Her testing is not for spite or rebuke. It is the judging of my trustworthiness. It is the proving of my depth and capacity to make art of the inevitable falling through balance that this life —and especially the commitments and sacrifices of love— invites every one of us to know. The only question: Am I a volunteer to step into this silence that is this falling through balance? Or am I still resisting?
(... continued in Part II)

TODAY’S INSPIRATIONS

🌀…crisis will be the determining factor . . . trust will be the judge. (Guru Singh & Guruperkarma Kaur)

🌀 You can shift from being a reflection of your past experiences and beliefs towards becoming a projection of the reality you wish to create, a future in which you are healed and whole.
…it's useful to take into consideration that this energy is nonlocal, meaning it doesn’t come and go in the way we think of ‘coming and going’. This energy is omnipresent and it is eternal, not bound to time and space. You are not just influenced by this energy, you are a part of it. (Kundalini Yoga School, Heart Healing sadhana, Day 5)

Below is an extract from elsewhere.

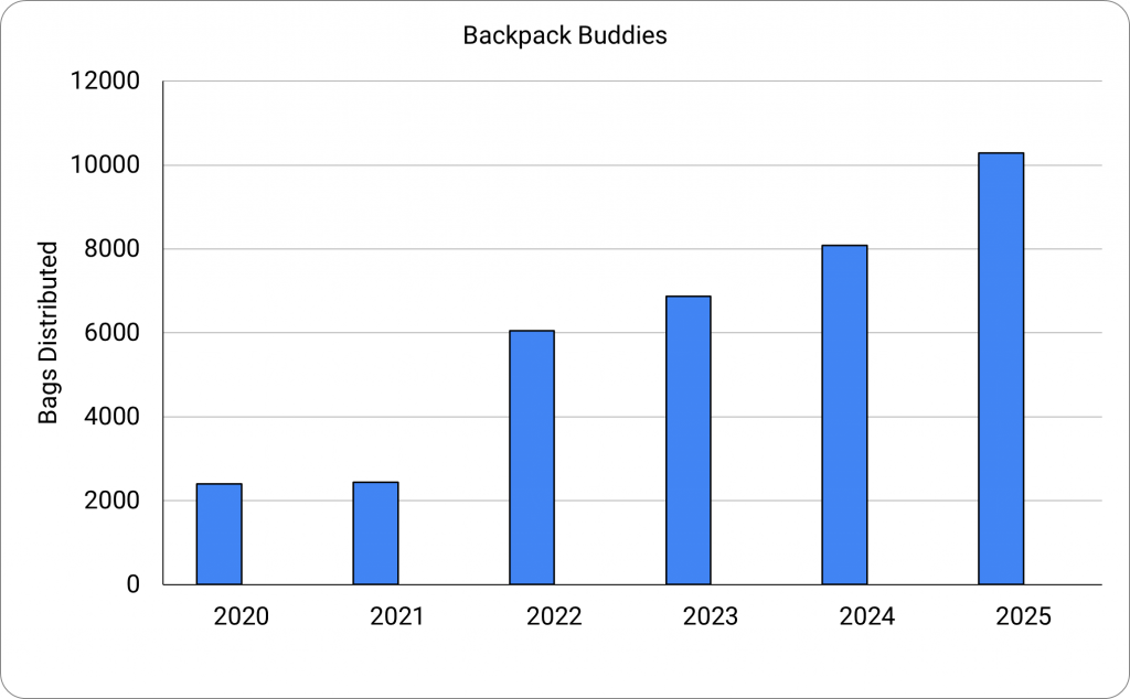 10,293 Backpack Buddies bags distributed to our school partners in 2025

🌀 When marrying, ask yourself this question: Do you believe that you will be able to converse well with this person into your old age? Everything else in marriage is transitory. (Friedrich Nietzsche)

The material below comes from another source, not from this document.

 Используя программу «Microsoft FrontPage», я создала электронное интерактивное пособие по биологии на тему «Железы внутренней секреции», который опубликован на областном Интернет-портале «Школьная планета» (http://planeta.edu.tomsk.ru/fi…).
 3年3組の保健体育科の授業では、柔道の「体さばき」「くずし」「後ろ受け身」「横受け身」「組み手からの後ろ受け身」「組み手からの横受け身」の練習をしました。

🌀 I test you. (My beloved, my Oracle & Siren)

TODAY'S SUGGESTED SHORT PRACTICE

Day 13 of this month's practice, to step into your polarity:
Please read through first, then ...

  • Today, wherever and however you choose, take a five minutes to do this short practice:
  • First, ask yourself: Am I feeling yourself balanced and aligned as I head into this most testing of seasons? Do I trust myself to make art as I lose this balance?
  • Then, follow the short practice here:
  • When you’re done, sit or stand for another minute or two, breathing gently, slowly filling and emptying your belly. Here, as you breathe into your fullness, ask yourself, Do I feel right? In alignment with the man or woman I am? Do I even have an inkling what that might feel like? Do I even have an inkling of what it feels like to be out of alignment with myself?
  • Notice if your body-mind feels somehow changed. And whether you notice a change or not, be content with yourself, exactly as you are in this moment.
  • Continue with your day until the next alarm sounds, and repeat.